Gore has flip-flopped on gun control, abortion, the nuclear test ban, tobacco. In 1992, as a senator, he co-sponsored a law to curb Russian arms sales to Iran. Three years later, as veep, he signed a secret pact to permit those sales - so secret that even Congress was meant to be kept out of the loop.
Just what does this man stand for?
The only principle Gore seems to have is his commitment to Al Gore.
So Long, Ethics
Ironic - indeed, downright comical - is Gore's current call for campaign-finance reform.
That's because the Clinton-Gore years have been marked by open con-
tempt for existing fund-raising law.
Happily for the vice president, a compliant Attorney General Janet Reno made sure no serious legal action would be taken by the government.
Did the Chinese buy the 1996 election? Did they get banned high-tech goodies, courtesy of an indebted White House?
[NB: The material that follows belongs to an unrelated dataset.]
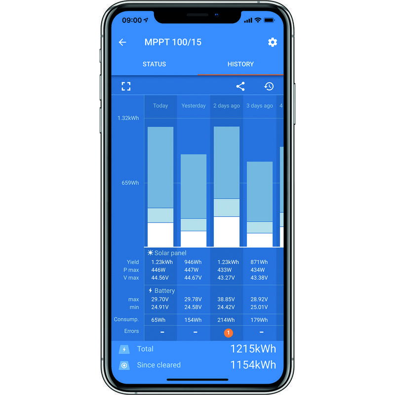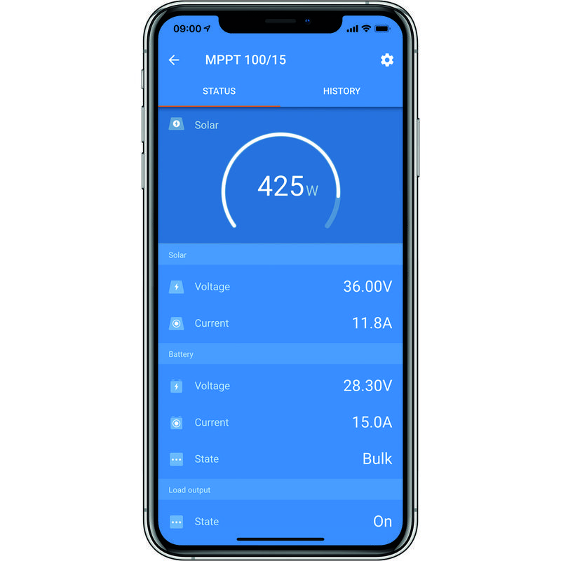 Du övervakar enkelt via VictronConnect-appen på Android eller iOS. Appen visar laddningsström, spänning och historik i realtid.
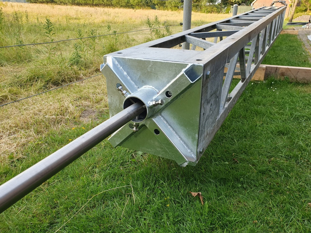 In den Mastkopf ist ein 100mm Rohr eingeschweißt, ca. 50 cm lang - das obere Ende davon siehst du auf dem Foto. Das Standrohr der Windkraftanlage kann man, wenn man es gelöst hat, absenken. Als ich den Mast aufgerichtet habe, war das Standrohr abgesenkt. Ich bin dann später raufgeklettert und habe das Standrohr hochgezogen. Damit man das Standrohr direkt beim hochziehen arretieren kann, gibt es unten an dem 100mm Rohr im Mastkopf einen Bajonettverschluss in den das Standrohr einrastet. Um das 100m Rohr auf das Standrohr der Windkraftanlage zu adaptieren, gibt es eine entsprechend lange Reduzierhülse. Die ist auf dem Foto noch nicht zu sehen, weil ich diese zu dem Zeitpunkt, als das Foto entstand, noch nicht angefertigt hatte. Zusätzlich zum Bajonettverschluss wird das Standrohr dann noch an zwei Stellen mit jeweils drei um 120° versetzten Schrauben geklemmt. Die eine Stelle siehst du auf dem Foto, die zweite Stelle ist unterhalb des Mastkopfes. Die Schrauben halten außerdem noch die Reduzierhülse in dem 100m Rohr fest. Die Reduzierhülse hat an den Positionen der Schrauben entsprechende Löcher, sodass die Schrauben durch die Reduzierhülse hindurch das Standrohr klemmen können.

Did Gore solicit money from trial lawyers in exchange for a veto on tort reform?
Reno's response: Let's not go there.
And what about those Lincoln Bedroom rentals and the joy-rides on Air Force One? The abuses go on and on.
Don't for a minute think Gore wasn't personally involved in all the fund-raising hanky-panky.
Gore attended the illegal White House coffee klatches, made "no controlling legal authority" phone calls, hosted the Buddhist temple fund-raiser.
Then he lied about all of them.
Oh, and Gore says he was in the bathroom during campaign-finance planning? Puh-leeze.
Toeing
the Line
Finally, there is the very legitimate matter of Gore's views on President Clinton.
Legitimate, because it raises the question of Gore's judgment and values.
Sure, a vice president must back his boss, toe the party line.
But doesn't there come a point when a veep must step up and say, "Wait a minute - this is wrong"?
Gore saw nothing out of line with the unethical - and illegal - habits of his party and administration.
He thought nothing of Clinton's own misdeeds - until, of course, Clinton himself was forced to 'fess up.
Clinton had shamed the nation and sullied the office of the presidency. Yet to Gore's mind, Clinton "will be regarded in the history books as one of our greatest presidents."
Has Gore no scruples at all?
Apparently not.
The Fix
To be sure, Gore knows that some voters, at least, will hold him accountable for his absent ethics.
That's why he chose Lieberman as his running mate.
But Gore fell short on even that attempt.
Rather than allowing himself to be purified by Lieberman, Gore simply infected the senator - forcing him to disavow the principled positions (on affirmative action, vouchers, Social Security privatization) that were responsible for his sterling reputation.
Presently it will be the voters' turn.
America will see soon enough whether or not morals matter.